La noticia no tardó en llegar a Colón. El dolor de toda una comunidad que hacía pocos meses atrás había celebrado con entusiasmo y alegría una de las primeras ordenaciones sacerdotales que se realizaba en el templo parroquial, de un joven colonense que había nacido a metros de ese lugar que lo consagraría como Sacerdote, sembrando la esperanza en todo un pueblo por su juventud y por su cordialidad personal, era el testamento vivo en el cual el propio cura párroco de entonces, Pbro. Narciso Goiburu había depositado en él, no solo por conocerlo de niño y compartir con él y su familia los desayunos, almuerzos y cenas, sino por haber sido él mismo el ejemplo de pastor que José María aspiraba a ser.
Los medios de la época, no sólo locales sino provinciales, dejaron impresas en sus páginas el dolor y el despliegue de un sinnúmero de discursos y homenajes que tanto el pueblo de Colón, como sus compañero de curso en el Seminario de Paraná, Profesores, jóvenes de la Acción Católica y muchas instituciones más, emitieron en aquel triste día de junio del ’39 donde dejaron en claro que no sólo despedían a un sacerdote joven, con pocos pasos, sino a un gran amigo, consejero y ciudadano comprometido en los lugares e instituciones que frecuentaba.

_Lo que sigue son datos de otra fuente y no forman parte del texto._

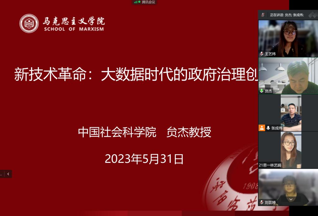 5月31日,中国社会科学院大学政府管理学院博士生导师贠杰教授应邀作了题为“新技术革命:大数据时代的政府治理创新”的线上讲座。报告会由学院党委书记张成伟主持。
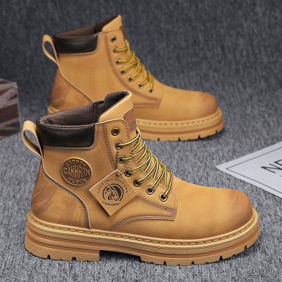 男士秋季上新款纯色简约马丁靴皮革透气休闲时尚通勤假系带蹬靴子
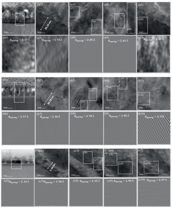 图 5. TEM 图像展示了不同 Mg 含量下 LiyNi1-x-yMgxO/ β-Ga2O3 异质结界面:(a) LNM(0% Mg):(a1) 和 (a2) 显示界面层形成;(a3)–(a9) 为逆快速傅里叶变换(IFFT)图像,突出不同晶向;(a10) 显示对应的界面层。(b) LNM(8.57% Mg):(b1) 和 (b2) 展示界面区域;(b3)–(b9) 为不同晶向的 IFFT 图像;(b10) 显示对应的界面层。(c) LNM(17.80% Mg):(c1) 和 (c2) 显示界面区域;(c3)–(c9) 为不同晶向的 IFFT 图像;(c10) 突出界面层结构。
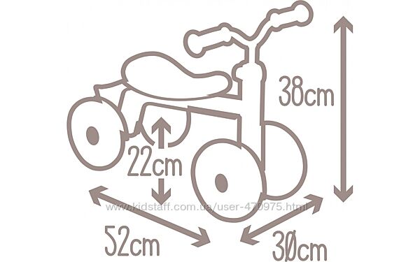 4-х колісний біговел в пудровому кольоріНадміцна металева рамаЕргономічне сидіння з покриттям проти сковзанняКермо з обмеженим поворотом та покриттям проти сковзання рукКолеса з покриттям EVA, безшумні та стійкі до зношуванняПротектор на колесах для надійного зчеплення з дорогоюРучка для транспортування, розташована під сидіннямКошик для іграшокРозвиває моторику дитиниВік: 12 місРозмір: 52 х 30 х 38 смSmoby - це відомий французький виробник дитячих іграшок, який вже багато років радує малечу якісними та безпечними товари. Всі продукти відповідають міжнародним стандартам безпеки, тому ви можете бути впевнені в правильному виборі.

El diario El Entre Ríos y el Boletín Parroquial de aquella época, emiten en sus reiteradas ediciones el cariño, afecto, respeto y dolor de tantas personas que le quisieron rendir su homenaje a este joven sacerdotes con grandes virtudes oratorias, con una inteligencia que estuvo guiada desde muy niño por su director espiritual, el Pbro. Goiburu y con un gran corazón que supo gestar en el seno de una familia unida, creyente y trabajadora.
El dolor se implantó en la familia, y al poco tiempo de este trágico hecho, a pocos meses de diferencia, fallece su madre, Doña María Teresa Benzi.
Fue sepultado en el Cementerio de Colón. Sus restos descansan en el Panteón de la Familia Benzi.